Site Reliability Engineer – Technical Lead

2 days ago


Chennai, Tamil Nadu, India Veryon Full time ₹ 20,00,000 - ₹ 25,00,000 per year

Description
Why We Need You – The Mission & Our Vision
Veryon is a leading software and technology company that enables aviation teams around the world to improve efficiency and safety. Our products maximize uptime for aircraft maintenance teams through customer-driven innovation and world-class service.

With over 7,500 customers across 137 countries, we serve general and business aviation, military/defense, commercial aviation, and OEMs. Our values—Fueled by Customers, Win Together, Make It Happen, Innovate to Elevate—are the foundation of everything we do.

As a hands-on Technical Lead in Site Reliability Engineering, you will be directly responsible for designing, building, and implementing modern reliability practices to ensure uptime, resilience, and production excellence across Veryon's systems. You'll work closely with Engineering, DevOps, and Support teams to streamline software delivery to both internal and client environments, troubleshoot production issues, and build observability using Datadog, Dynatrace, and AWS-native tools. You will also be a mentor on best practices and a key contributor to reliability-focused architecture and deployment design.

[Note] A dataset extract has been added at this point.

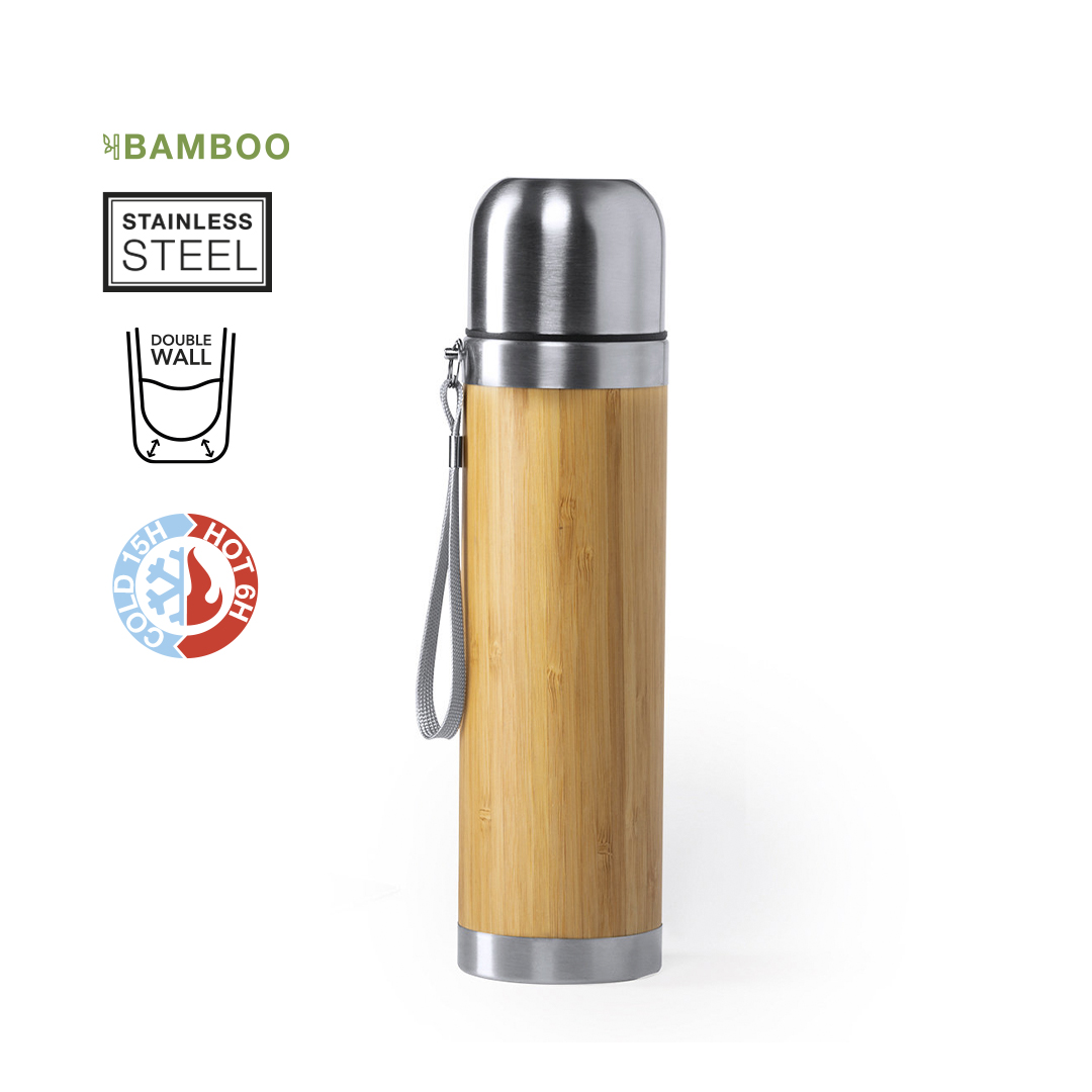 Bouteille isotherme en bambou et en acier inoxydable, sans BPA.

What You'll Accomplish – Your Performance Objectives

Objective #1 – First 30 Days

  • Complete onboarding and gain deep understanding of Veryon's systems, release processes, and deployment environment on AWS.
  • Review existing application architecture, CI/CD flows, and monitoring implementations.
  • Begin implementing improvements to observability using Datadog and Dynatrace.
  • Collaborate with engineers and DevOps to identify bottlenecks in production releases and issue resolution.

Objective #2 – First 90 Days

  • Build or enhance monitoring dashboards and alerts for critical infrastructure and applications.
  • Define and begin implementing Service Level Objectives (SLOs), Service Level Indicators (SLIs), and error budgets.
  • Own and improve release workflows and ensure reliable software delivery to customer environments.
  • Take ownership of investigating production issues, ensuring timely resolution and coordination across teams.
  • Begin documenting Root Cause Analyses (RCAs) for production incidents and drive preventive improvements.
  • Partner with DevOps to optimize and automate CI/CD pipelines using GitLab or equivalent.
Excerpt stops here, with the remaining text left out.